Raw data:
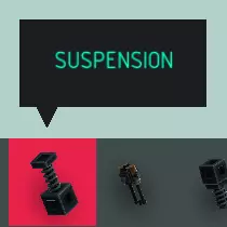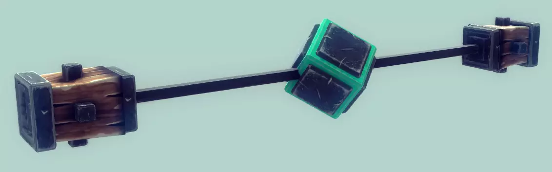 名称 悬挂装置 尺寸 3.25x1x1 可破坏? 否 易燃? 否 【悬挂装置】方块本质上是一个实心方块与另一个实心方块相连,下方有一个非实心的弹簧柱。两个方块连接非常牢固,但可以暂时拉开。带弹簧的方块可以被推向另一个方块,并提供持续阻力。当你不想破坏物体或造成伤害时,这个方块非常有用,因为游戏中的大多数破坏和杀伤机制都基于冲击力或物体停止时的速度。
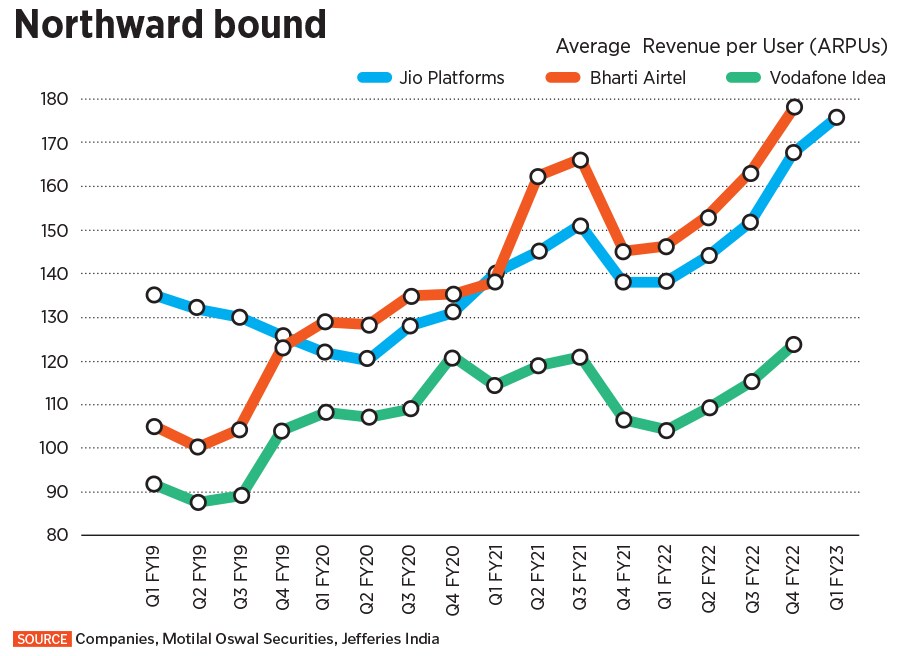 While average revenue per user (ARPU) has been on the rise through much of 2021, historically, Indian telcos have refrained from charging a premium for 4G plans (vs 2G/3G data plans). “With potentially higher speed on offer and likely initial uptake from premium customers (smartphones above Rs15,000), there is potential for telcos to charge a premium for 5G (versus 4G)," says Nomura’s Bansal. There is a strong possibility that 5G tariff plans would be monitorable in the near term, he adds, and 5G premium (versus 4G) may provide the next leg of ARPU uptick for telcos.
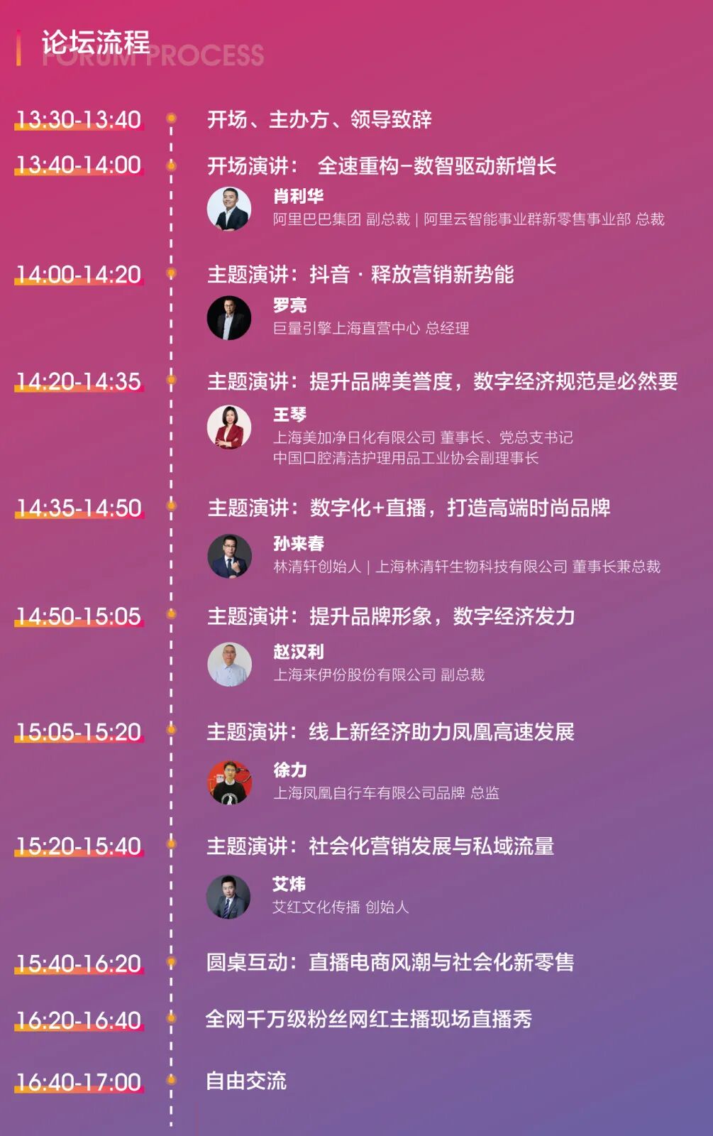 阿里巴巴集团、巨量引擎等互联网平台大咖重磅分享,明星品牌企业高层解读新零售线上经济与实践,头部MCN机构创始人携全网千万级粉丝网红主播解构品牌私域流量与社会化营销布局,尚博荟助力企业布局“线上经济”——走进直播现场等四大亮点,令本届论坛看点满满,备受期待。

What you need to do:
The answer must be the lines above, word for word, from the first one through the line with "While average revenue", pictures excluded.

Response area:
 名称 悬挂装置 尺寸 3.25x1x1 可破坏? 否 易燃? 否 【悬挂装置】方块本质上是一个实心方块与另一个实心方块相连,下方有一个非实心的弹簧柱。两个方块连接非常牢固,但可以暂时拉开。带弹簧的方块可以被推向另一个方块,并提供持续阻力。当你不想破坏物体或造成伤害时,这个方块非常有用,因为游戏中的大多数破坏和杀伤机制都基于冲击力或物体停止时的速度。
 While average revenue per user (ARPU) has been on the rise through much of 2021, historically, Indian telcos have refrained from charging a premium for 4G plans (vs 2G/3G data plans). “With potentially higher speed on offer and likely initial uptake from premium customers (smartphones above Rs15,000), there is potential for telcos to charge a premium for 5G (versus 4G)," says Nomura’s Bansal. There is a strong possibility that 5G tariff plans would be monitorable in the near term, he adds, and 5G premium (versus 4G) may provide the next leg of ARPU uptick for telcos.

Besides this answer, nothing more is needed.